Thanks I didn't receive the link. Could you please resend.


----------



## hippieonastick (Oct 22, 2007)

i did this last year for my daughter's 13th birthday. i loved this cake that we made. i can't take credit for the idea...but i can't remember where i saw it either.


----------



## B Scary (Sep 8, 2007)

Anothe way to cover the wall is to use gossamer but it isn't solid black. It is inexpensive and come in large rolls -- available at Stumps, Andersons Prom, and Shindigz. Gossamer is also a great way to drape a ceiling. 

One thing I have done for dance parties is to black out the windows and rent a 400 watt black light that will cover the entire room. Neon paints, white paint, tide detergent all reflect under the light furniture can be cover with white sheets done in RIT -- You don't really notice that the walls aren't black because all you see if the black light effects. 
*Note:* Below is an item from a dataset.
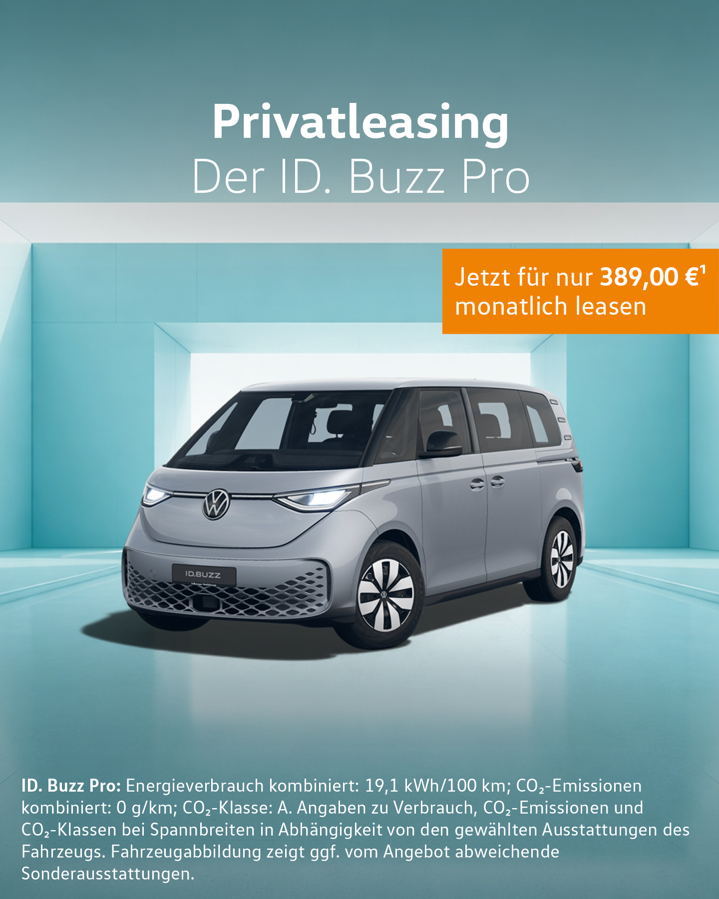 Privatkunden-Leasingangebot: ID. Buzz Pro kurzer Radstand KR 210 kW 79 kWh 1-Gang-Automatik für nur 389,00 €¹ monatlich.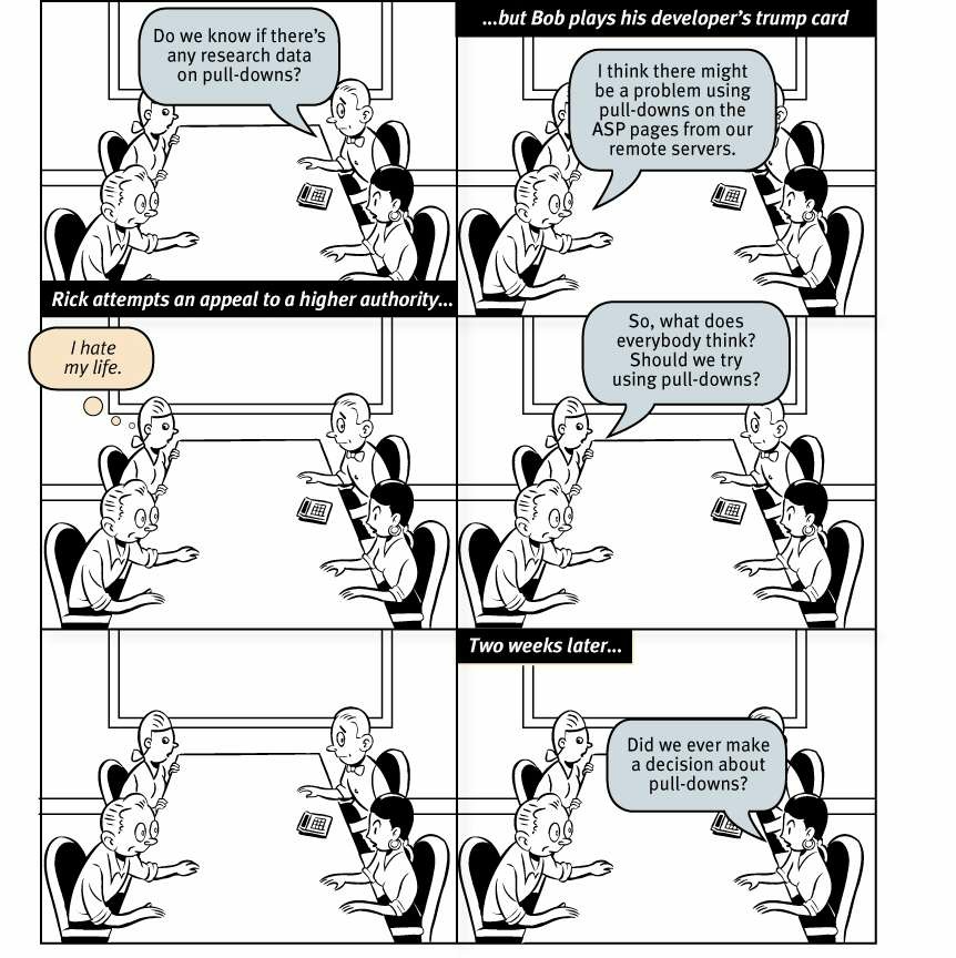 요점은 "대부분의 사람들이 풀다운 메뉴를 좋아합니까?"와 같은 질문은 생산적이지 않다는 것입니다. 올바른 질문은 "이 페이지에서 이러한 항목과 이러한 문구가 있는 이 풀다운이 이 사이트를 사용할 가능성이 높은 대부분의 사람들에게 좋은 경험을 제공합니까?"라는 질문입니다.

If your interested I can put a picture up from photobucket of our black light party (not halloween themed but it gives a club feel) I also use a lot of blacklight in our Halloween Party.


----------



## Turmoil (Sep 5, 2009)

what i did in my bathroom for a few years during our halloween parties was to find some old clothes and a cheap wig, get a bag of balloons and blow them up and fill the clothes with the blown up balloons then make the tub half full of fake blood and let the body float then you could write redrum on the bathroom wall (hang plastic wrap so you don't mess up your walls) it is cheap and easy and i got a lot of complaments on the scene and idea during our parties. i also have a fence for my cemetery that was made with scraps of interior trim nailed in wierd angles so it looks old and creepy the two posts that surround the opening are longer and i have skull hung on them. you could also get some halloween string lights to hang around your club room you can probably find strands of solid red lights which would go good with your vampire theme. If you wanted to cast a large shadow through your front window get a spot light and shine it on the object towards your window you can play with the distance to the light to change the shadow. you could even cut the object out of cardboard since it will only be a shadow with out a lot of detail


----------



## madammorrible (Aug 9, 2009)

Turmoil,

what did you use to write redrum on the mirror?

Thanks!


----------



## Turmoil (Sep 5, 2009)

i used lipstick, it is kind of nasty to clean up one year i wrote it on the bathroom tiles and the next year on the wall behind the mirror. when i wrote it on the wall i taped up clear plastic wrap and wrote on that so it would be easy clean up


----------



## madammorrible (Aug 9, 2009)

I was afraid of that. lol But I guess for one day a year I can live. Thanks!


----------